Bir Karakter Neden Sevilir?

Küçüklüğümden beri romanların yarattığı dünyalara düşkünümdür. Kendi gerçekliğimden ne kadar uzaksa o kadar hoşuma giderdi roman. O dünyalarda yaşayan bir karakter olmanın nasıl olacağını düşünüp dururdum. Belki de bu hayaller yüzünden bazı fantastik dünyalara ve karakterlere bu kadar yakın hissediyorum. Bu yazımda karakterleri sevimli kılan özellikleri ve en sevdiğim karakterlerden bahsetmek istiyorum. Kağıt üstünde mürekkebin insan üstünde ne kadar büyük bir etkisi olabilir ki?

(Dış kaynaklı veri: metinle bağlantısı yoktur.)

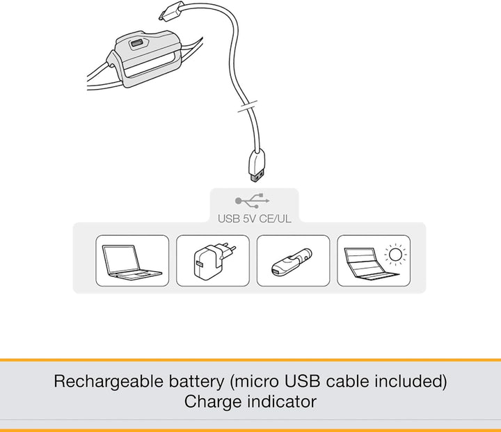 - Ultrakompakte, aufladbare Stirnlampe für das tägliche Training. Leuchtstärke von 200 Lumen bei einem Gewicht von nur Gewicht 35 g.
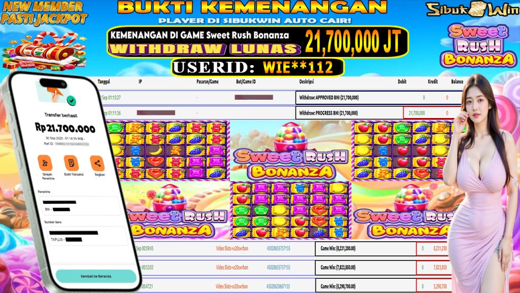 BUKTI KEMENANGAN 30 SEPTEMBER 2025 DI GAME Sweet Rush Bonanza 21,7 JUTA
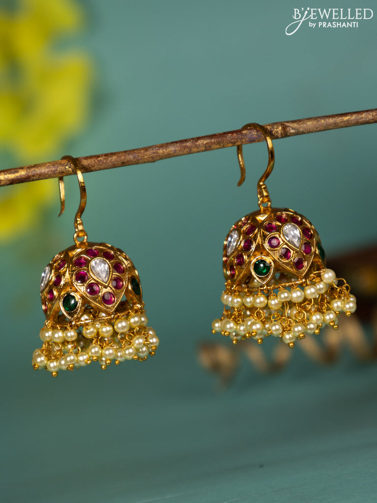 Antique hanging type jhumka with kemp & kundan stones and pearl hangings
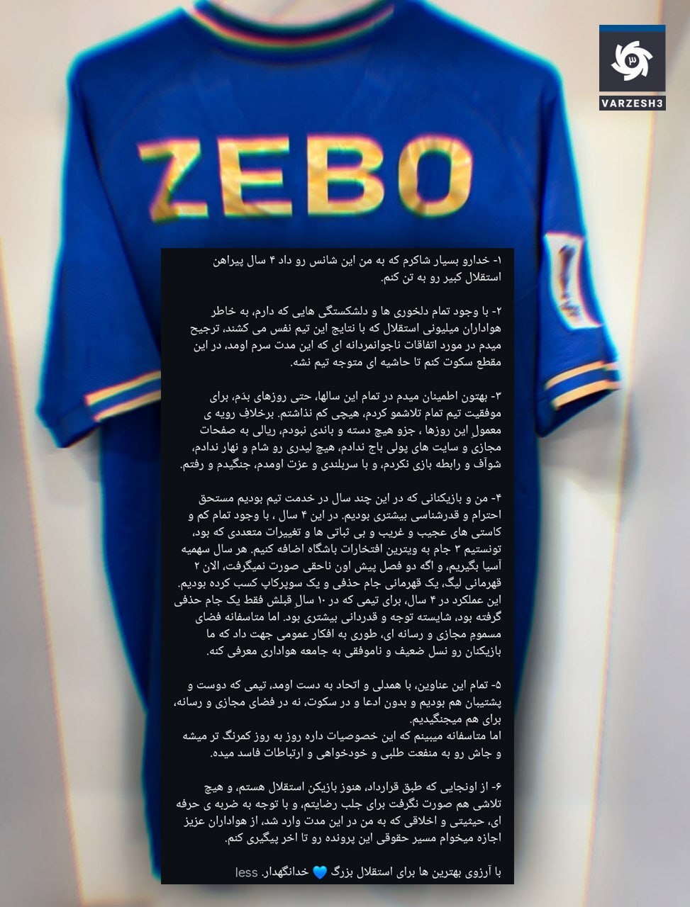 عکس: پست خداحافظی زبیر نیکنفس از استقلالیها
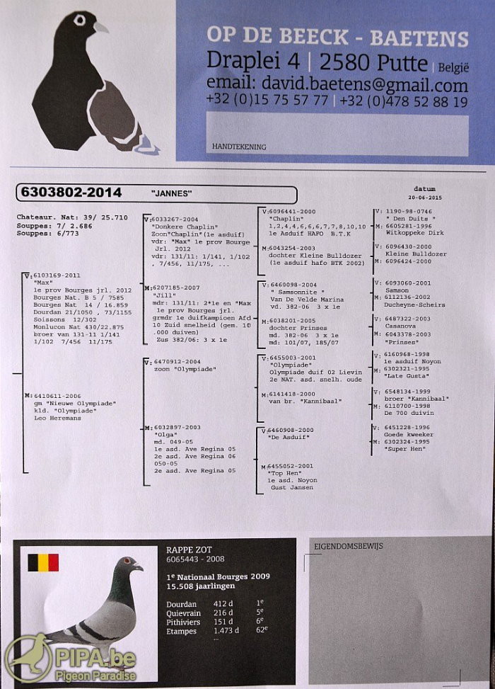2015年比利時蒙特呂松全國總鴿數27.641羽總冠軍B14-6303802灰公."詹尼斯"血統書

Benim çocukluğumdan beri çok sevdiğim bir çizgi roman ve dizi var. “Avatar: Son Hava Bükücü” hikayesinde ki karakterlerin her biri birbirlerinden ilginç ve sevilen karakterler. O yüzden örneklerini bu diziden vererek devam etmek istiyorum. Bir karakterin seçilmesinde bence en önemli etken kusurlu olmasıdır. Kusurlar bir karakterin gelişimine ve hikayesine insanların ilgili olmasını sağlar. Aynı zamanda kusurlar bir karakteri gerçekçi kılar. Örneğin, Zuko Avatar’ın en sevilen karakteri olabilir ve aynı zamanda en kusurlu karakteri. Zuko hikayenin başında herkese karşı kızgınlık besleyen ve babasının onayı için her şeyi feda eden bir karakter, ona karşı şefkatle yaklaşan amcasını bile kenara iten bir karakter. Ancak kendisini sürekli zorlayan ve doğru şeyi yapmaya çalışan bir karakter olduğundan Zuko hikayeyi bilen herkesin kalbinde büyük bir yer kaplıyor. Kusurların yanında bir karakterin motivasyonu, çok istediği veya ihtiyaç duyduğu bir şey olmalı. Biz insanlar her şeyi bir nedenle yaparız, daha mutlu olmak, zengin olmak, birisinin ilgisini çekmek, birisini memnun etmek… Bu yüzden bir karakter de motivasyonla hareket edince ona daha yakın hissediyoruz, ancak bu motivasyon her zaman aynı kalmak zorunda değil. Mesela Zuko Avatar’ı yakalayıp babası tarafından takdir edilmek istiyor ve her şeyi bu istek üzerine yapıyor. Ancak hikayenin sonlarına doğru Avatar’ın tarafına geçiyor ve halkına barış getirmek için çalışıyor. Hayatınızda başka birinin onay ve takdirini istemek çok kişinin yaşadığı bir durum. Bunların yanında bir karakterin geçmişi de çok önemli. İnsanlar hayatlarındaki olaylara karşı tepkileri ile kişiliklerini oluştururlar. Karakterlerin inandırıcı ve ilginç bir hikayesi olması lazım ki farklı durumlardaki tepkilerini anlayabilelim. Mesela Zuko’nun babası Zuko ona karşı çıkınca suratını yakarak ona kalıcı bir ders öğretti. Bu olayın olduğu günlerde babası yüzünden Annesi Zuko’yu bırakarak evden kaçtı. Bunları göz önünde bulundurarak baktığımızda Zuko’nun neden babasının onayını bu kadar istediğini anlayabiliyoruz. Son olarak bir karakterin kendilerine özgü bir huyları olması o karakteri hayata geçiriyor. Örneğin Zuko’nun mizah anlayışı iğneleyici ve bunu farkında olmadan yapıyor. Farkında olmadan alaycı olmak Zuko gibi bir karakter için çok mantıklı. Gençlik yıllarında insanlarla sosyalleşmeyi öğrenmek yerine Avatar’ı bulmak için dünyayı dolaşarak zamanını geçirdi. Bu yüzden insanlarla konuştuğunda biraz garip kalıyor.

 

Bizim için en sevilen karakterler kendimizi en yakın hissettiğimiz karakterlerdir. Bir karakterin gerçekçi hissetmesi içinde bazı püf noktalar vardır. Bunların en başında kusurlar, hatalar ve yanlışlar vardır. Çünkü insanı ilginç kılan kusurlardır.